My mental arithmetic is normally pretty good. I say this now in my defence, as my attempt to scale the quantities of the ingredients fourfold was flawed. This was probably down to my insistence on mixing imperial and metric units, depending on which gave me rounder numbers when I multiplied. This led to me using somewhat less flour that I should have. The resulting cookie dough was tasty, though, and I deemed it a success at the time.

For someone who'd never made cookies before, let alone followed this recipe, I was pretty fast and loose with it. I spend enough time cooking that I can get pretty arrogant about it, and keep forgetting that I can't get away with this when baking. As a result, I placed about twice as many proto-cookies on the baking tray as indicated. Of course, they expanded significantly during cooking, and spread out into one giant tray-shaped cookie with the mocking parody of divisions running through it, leading to some emergency surgery with the edge of a spatula. It was also very doughy – possibly because it hadn't baked for long enough – and I realised that I didn't have time to let it set properly.

Sometimes the obvious solution is exactly the wrong one. In order to get this to set properly, I thought, it needs to cool. It will do that so much better in the fridge. In practice, this just made the dough colder and soggier.

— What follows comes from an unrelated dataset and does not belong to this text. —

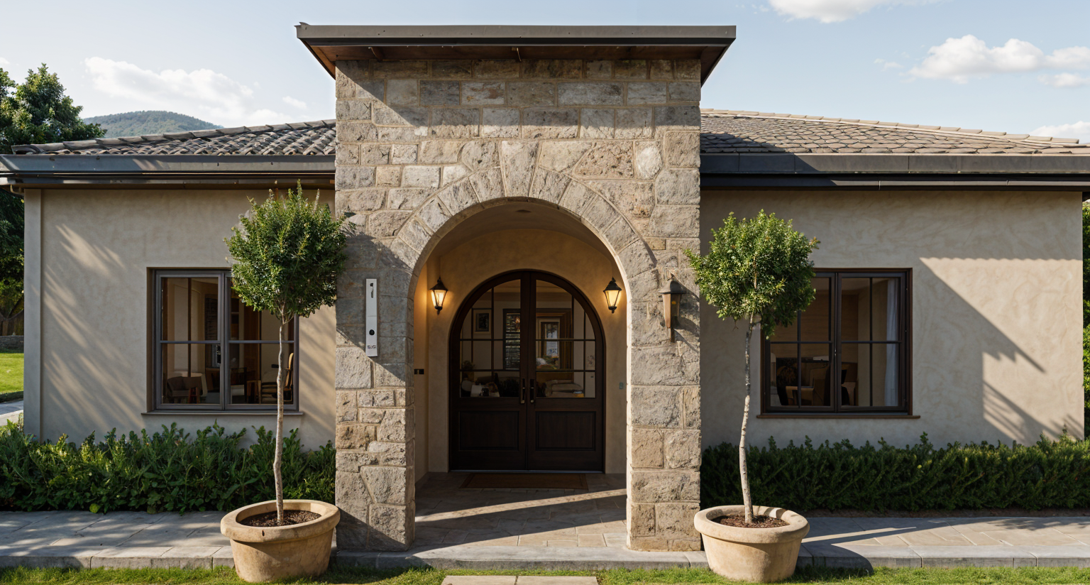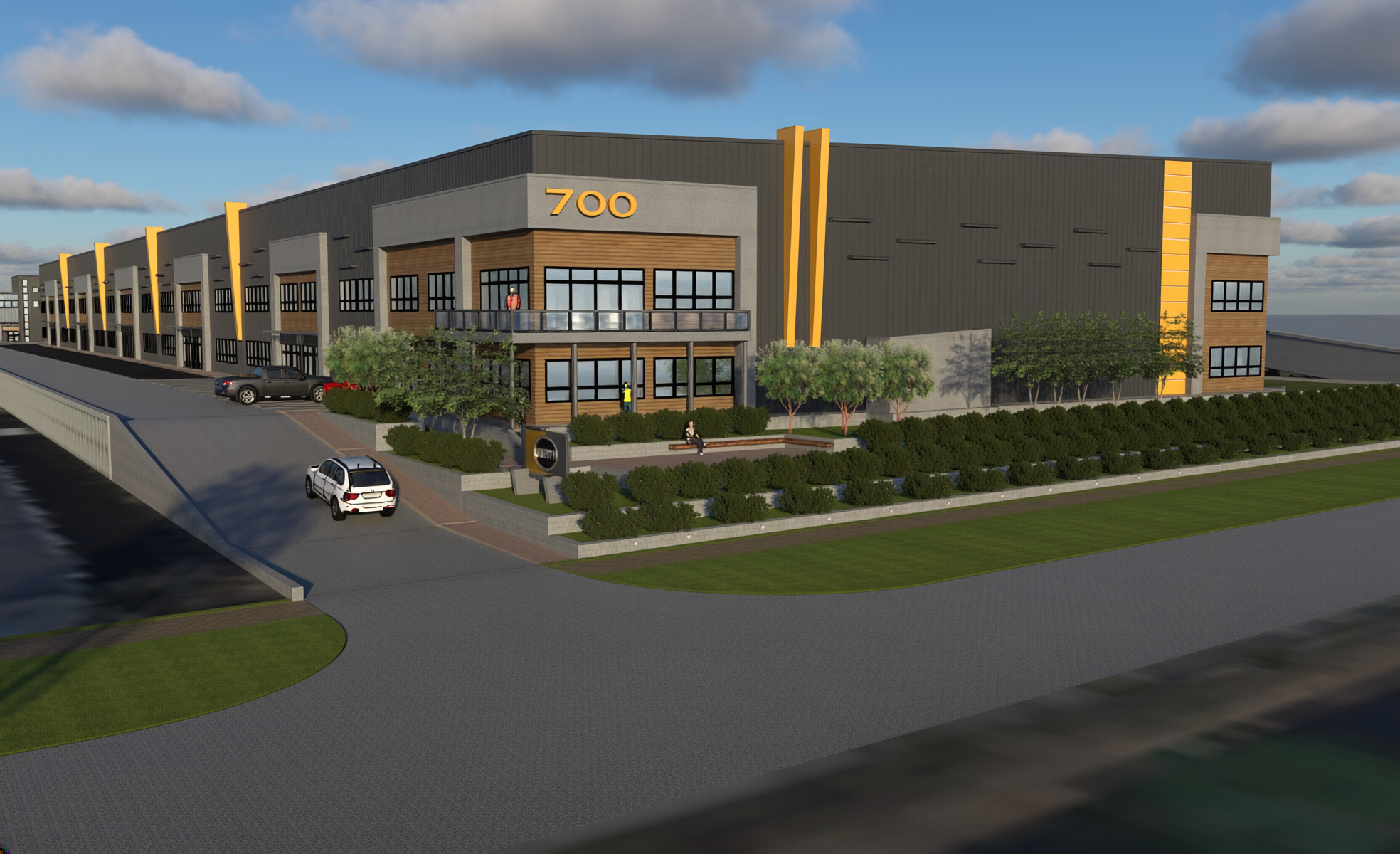 render image into an ultra realistic image keep all the shapes colors and textures the exact same add more clouds in the sky and a 2pm timeframe with proper shadows make the main road wider with 4 lanes 2 on each side of a double yellow line in the center

The next two trays of cookies went slightly better. Not only did I leave enough space between the cookies that only about about a half were conjoined, but by the time I got to the last tray I even had the presence of mind not to put them in the fridge. This meant that some of the cookies actually ended up looking like cookies; I decided to try to pass the rest off as flapjacks.

Shortly before I had to leave, and long before the cookies had a chance to set, I put them in two big plastic containers, with sheets of kitchen towel separating the layers. I then drove to Long Buckby like a maniac, taking corners with my usual disregard for the laws of Newtonian physics. The cookies suffered for this, and gave up all semblance of form as they were tossed and battered.

Astonishingly, the end results still went down fairly well, despite being poorly thought out, half-baked, delivered in too much of a hurry and bearing little relation to the original design. There's probably a metaphor in here somewhere, but it's beyond me.

Actual Food: Something like Japanese coleslaw

Scott Dorward's picture

This one was really easy -- I just chopped a head of Savoy cabbage in fine strips and covered them in a couple of cups of Japanese rice vinegar, mixed with about four tablespoons of caster sugar. I left the resulting mess for twelve hours, tossing every few hours. It should have been served with sesame seeds, but I forgot.

When I normally make this, I don't use cabbage, which probably means that I'm making something different. My regular ingredients are very fine strips of carrot and daikon (a large white Japanese radish shaped like a knob gag -- I've seen them in Tesco) instead of cabbage, but it takes a lot longer to chop. It does have the advantage of looking much prettier, and the carrot makes it even sweeter.

Ideally you should leave it marinating in the fridge, but there wasn't room this time. It seemed nice enough at room temperature.

Still to come: miso soup and poultry infanticide, but they'll have to wait until tomorrow. I'd also like to see Andrew's fajita and brownie recipes, Claire's pasta sauce and Malcom's meat beat manifesto.

Thanks for these Scott! I

Andrew Kenrick's picture

Thanks for these Scott! I know what I'll be trying over the weekend!

I'll post my recipes tomorrow. They're both pretty easy.